New Paper: Norwegian Public Health Legislation in the 1918–20 Influenza Pandemic

PANSOC Affiliated Researcher Vibeke Narverud Nyborg (University of Southeastern Norway) has recently published an Open Access article in the Continuity & Change on the types and uses of public health legislation in Norway during the 1918–20 influenza pandemic.
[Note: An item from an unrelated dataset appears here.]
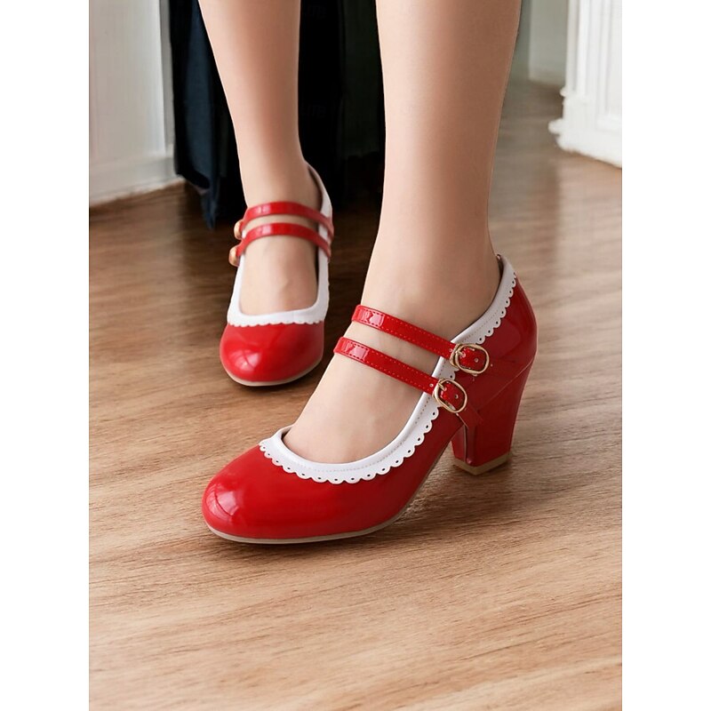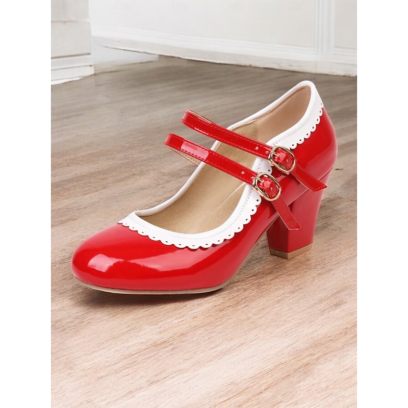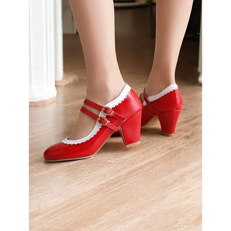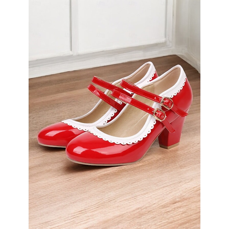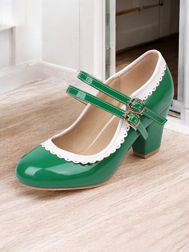 Highlights [Fabric & Material]: Crafted from high-quality PU leather with a synthetic leather lining, these Mary Jane heels exude a glossy and polished finish, ensuring durability and easy maintenance. The rubber outsole provides excellent grip and longevity. [Silhouette & Design]: Designed with a classic round toe and sturdy chunky heel, these shoes offer a harmonious blend of vintage elegance and present-day comfort. The vibrant green color with white decorative stitching enhances their playful, retro-inspired style, making them a standout addition to any wardrobe. [Design Highlights]: Featuring double adjustable buckle straps in gold, these heels ensure a snug and customizable fit. The scalloped edges add a playful touch, while the color-block pattern highlights the shoe's retro charm. [Occasions]: Ideal for various occasions, from daily wear to formal gatherings. Whether you're heading to work or attending a party, these heels add a pop of color and sophistication to your ensemble, perfect for spring, summer, fall, and winter. [Size Range & Suggestions]: Available in a comprehensive size range from US5.5 to US10.5, select your usual size for the best fit. These heels are designed to fit standard sizing for women, offering comfort and style for every occasion. Perfect for everyday use. superior materials and excellent craftsmanship ensure long-lasting durability.

The article analyzes the types and content of public health legislation that had been established in Norway before the pandemic and how this legal regime worked in practice during the period 1918–20. It shows that there was substantial local heterogeneity in the adoption and duration of non-pharmaceutical interventions (NPIs) such as restrictions on public gatherings, as such measures were determined by local actors such as doctors who served on municipal health boards. As in other contexts, there were debates about the suitability of different measures and concerns regarding their restrictions on individual freedom. The study suggests that the lack of coordinated and extensive NPI adoption may have contributed to higher morbidity and mortality.